> _Problem details_: Take the material below and output exactly the run of lines from the one containing "Elegante pulsera doble" down to the one containing "陳小林致辭,他指出,九江學院", with both included.

> _Supplied material_:
Segment Open

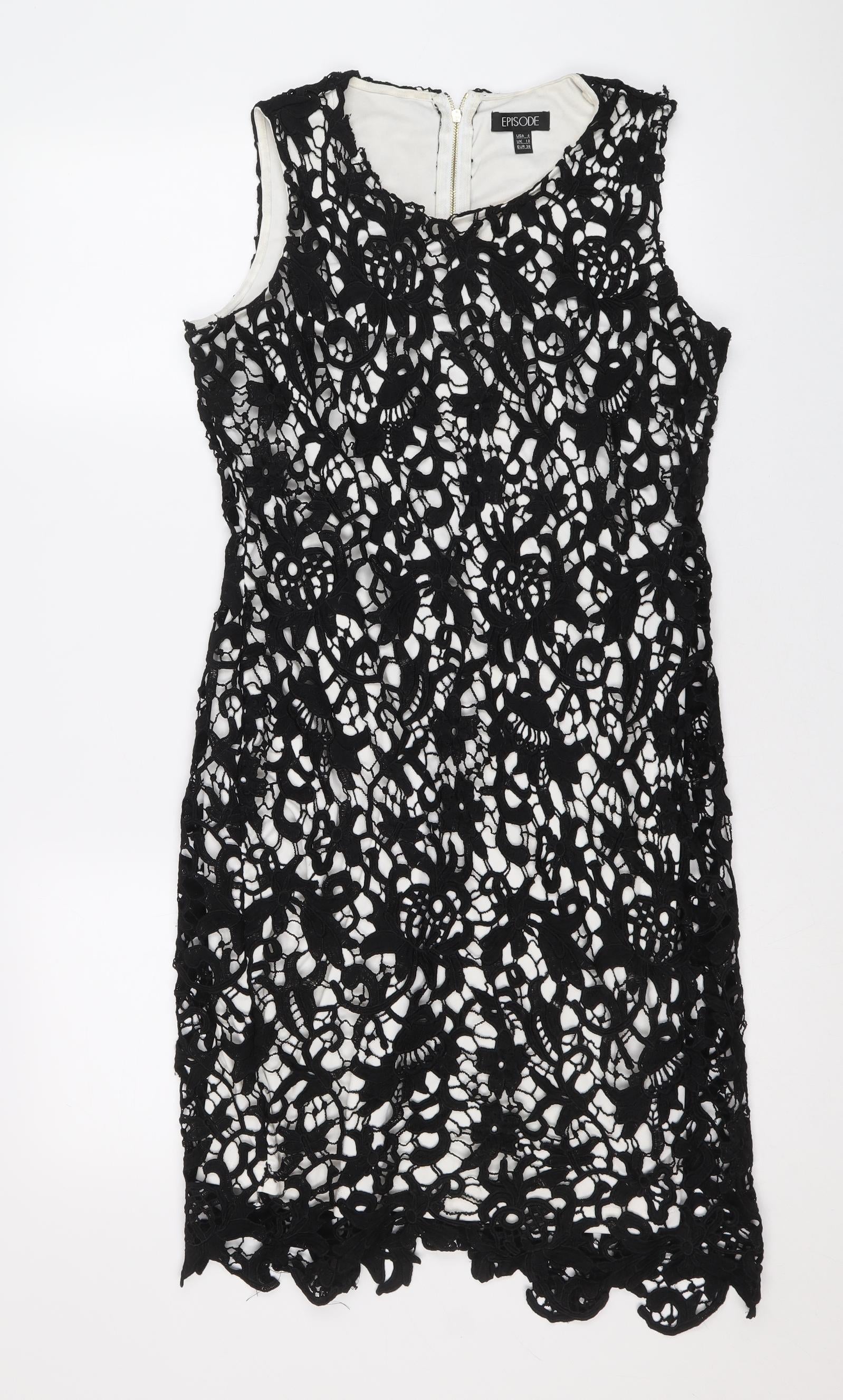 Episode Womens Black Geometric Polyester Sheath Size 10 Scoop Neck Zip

Segment Closed
Segment Open

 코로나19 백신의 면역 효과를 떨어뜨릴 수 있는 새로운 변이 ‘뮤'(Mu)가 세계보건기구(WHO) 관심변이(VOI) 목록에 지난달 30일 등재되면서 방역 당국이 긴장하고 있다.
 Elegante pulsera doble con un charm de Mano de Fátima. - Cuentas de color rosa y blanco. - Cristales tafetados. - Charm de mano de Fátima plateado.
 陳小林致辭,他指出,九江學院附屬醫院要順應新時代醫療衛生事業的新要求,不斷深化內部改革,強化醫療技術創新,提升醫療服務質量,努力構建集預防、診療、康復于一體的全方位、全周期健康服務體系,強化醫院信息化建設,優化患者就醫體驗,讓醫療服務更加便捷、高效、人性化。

Segment Closed
Segment Open

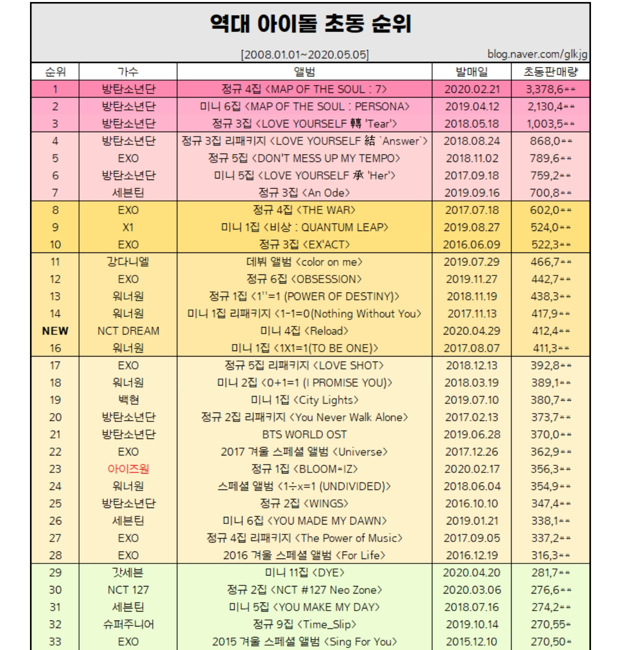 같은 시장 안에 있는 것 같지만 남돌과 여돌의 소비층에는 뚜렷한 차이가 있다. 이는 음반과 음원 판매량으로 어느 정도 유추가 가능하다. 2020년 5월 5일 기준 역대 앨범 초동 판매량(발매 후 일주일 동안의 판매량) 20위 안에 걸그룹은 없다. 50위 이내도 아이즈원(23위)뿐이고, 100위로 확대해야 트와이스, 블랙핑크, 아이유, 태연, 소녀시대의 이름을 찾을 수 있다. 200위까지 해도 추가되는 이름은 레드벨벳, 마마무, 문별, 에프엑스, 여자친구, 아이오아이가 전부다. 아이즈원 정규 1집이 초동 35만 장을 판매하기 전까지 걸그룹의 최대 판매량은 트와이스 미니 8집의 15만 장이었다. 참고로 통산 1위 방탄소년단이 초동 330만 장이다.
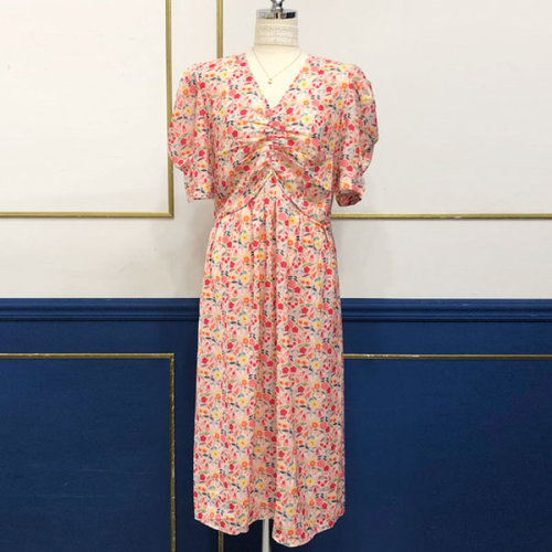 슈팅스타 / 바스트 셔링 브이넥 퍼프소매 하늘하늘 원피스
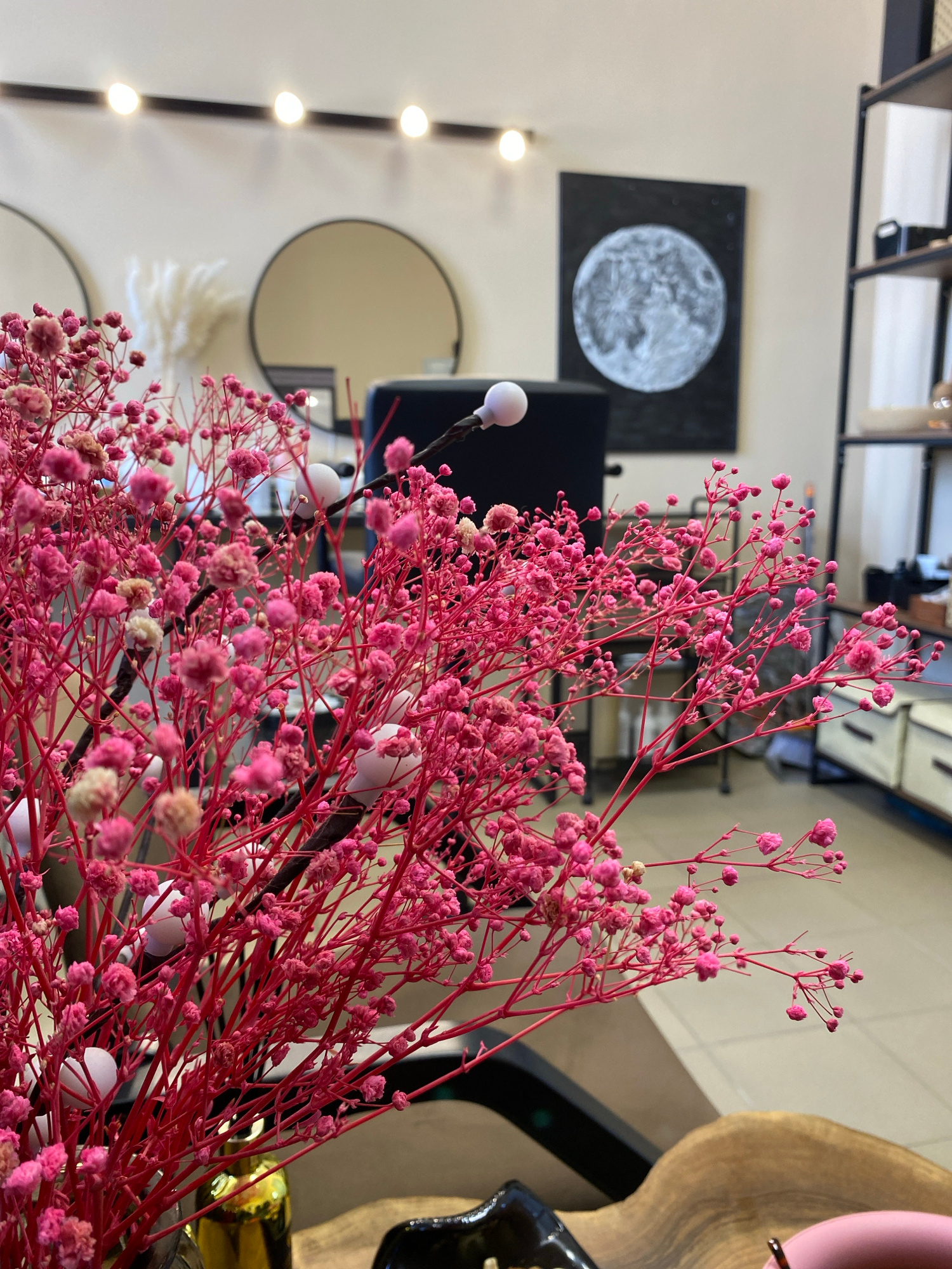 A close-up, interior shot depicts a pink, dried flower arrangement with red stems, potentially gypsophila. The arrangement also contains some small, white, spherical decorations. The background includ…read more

Segment Closed

> _Task result_:
 Elegante pulsera doble con un charm de Mano de Fátima. - Cuentas de color rosa y blanco. - Cristales tafetados. - Charm de mano de Fátima plateado.
 陳小林致辭,他指出,九江學院附屬醫院要順應新時代醫療衛生事業的新要求,不斷深化內部改革,強化醫療技術創新,提升醫療服務質量,努力構建集預防、診療、康復于一體的全方位、全周期健康服務體系,強化醫院信息化建設,優化患者就醫體驗,讓醫療服務更加便捷、高效、人性化。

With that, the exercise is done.